LONDON August 10, 2010 – Manchester United and Chelsea football fans rarely agree on anything. In fact, it is pretty hard for them to do anything but disagree. But they did agree on one thing this past weekend at Wembley Stadium in England when their teams met in a pre-season match for something called the Community Shield Trophy.
Yossi Benayoun, from Beer-Sheva, Israel came on as a substitute for Chelsea in the second half and was received with a chorus of boos from the 85 thousand spectators, both those in blue and red. The reaction of the commentator to those boos and catcalls was just as interesting. Without mentioning apartheid Israel, in a subdued tone, the commentator noted how “the reaction was understandable”.
The signing of Benayoun by Chelsea was regarded as a public relations coup for Israeli hasbara and the hope was his presence on a premier European football club would normalize Israel’s place within the sporting world and beyond. The reality that came through on Sunday couldn’t have been further removed from that PR pipedream.

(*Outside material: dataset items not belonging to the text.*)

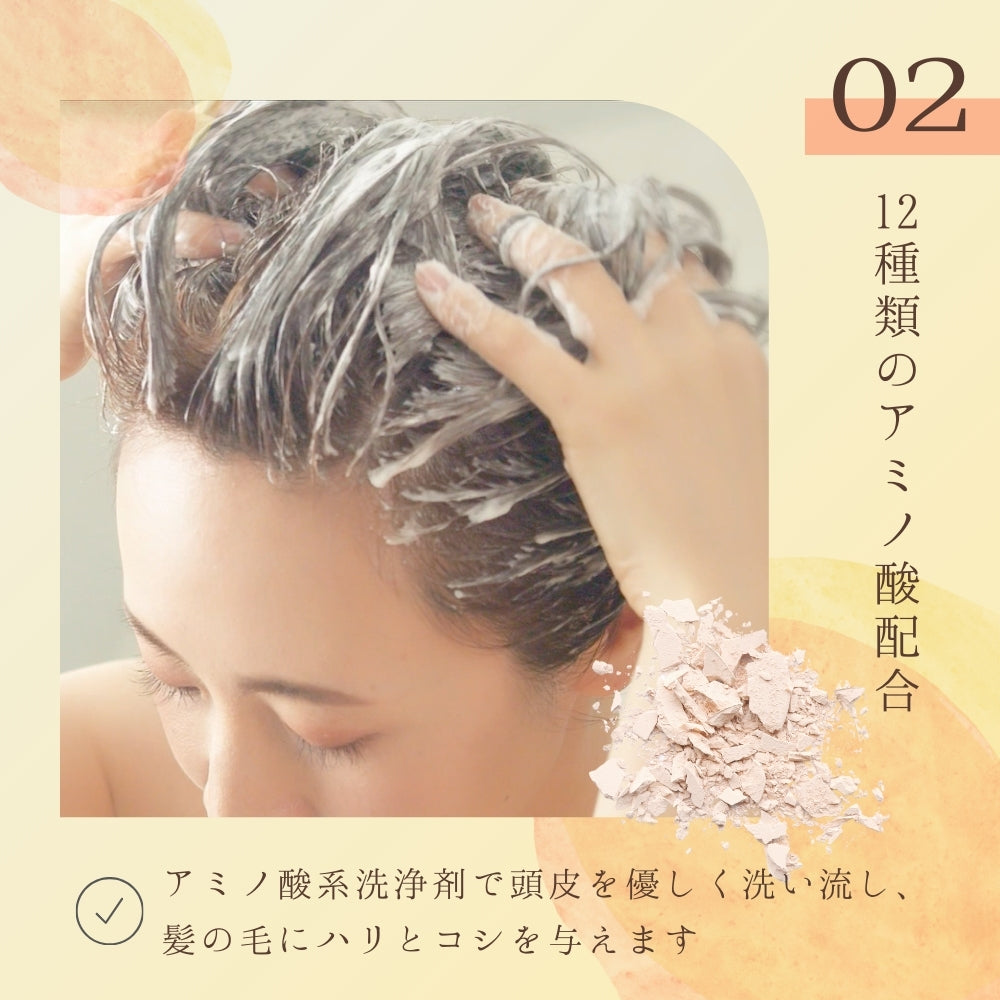 美しい髪には健康な⼟台・頭⽪環境づくりが⼤切です。うるおい成分(ハチミツ、グリセリン、ソルビトール、グリコシルトレハロース)を 豊富に含んだもちもちの泡が、臭いの元となる頭⽪の⽪脂や⽑⽳汚れを除去。頭⽪に柔軟性を与えながらしっかり保湿することで、地肌本来の⼒を引き出します。髪や頭⽪がデリケートな⽅にもお使いいただけるよう、以下の11のフリーを実現しました。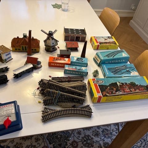 Har også andet mærklin: tog,vogne,transformator og næsten alle slags M-skinner + signaler.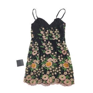 Lulus Abloom With Love Black Floral Embroidered Mini Dress S

The fan reaction to Benayoun at Wembley was a direct reflection of the English public’s feelings about Israel. As public support for Israel dwindles throughout Europe, Benayoun is poised to become the scapegoat for Israel’s actions everytime he sets foot on the pitch for Chelsea this season. This situation is going to be a public relations nightmare for Israel all season long.
I have never met Yossi Benayoun, but I will say that he does not deserve to be the scapegoat for the crimes of a state that is committing open genocide on Palestinians and has recently murdered International aid workers. The problem is that despite the growing public opinion that decries Israel’s actions, the governments are slower to respond.
I’m sure that some British MPs were watching the footie match Sunday morning and even the slowest government representatives now understand how the English public feels about Israel after Benayoun was introduced.
Chelsea is in the UEFA Champions League again this year, which means that they will be playing all throughout Europe. With all the media control and government unresponsive to public opinion, Benayoun’s presence on the field with Chelsea will give the European public a chance to show the world how they feel about Israel.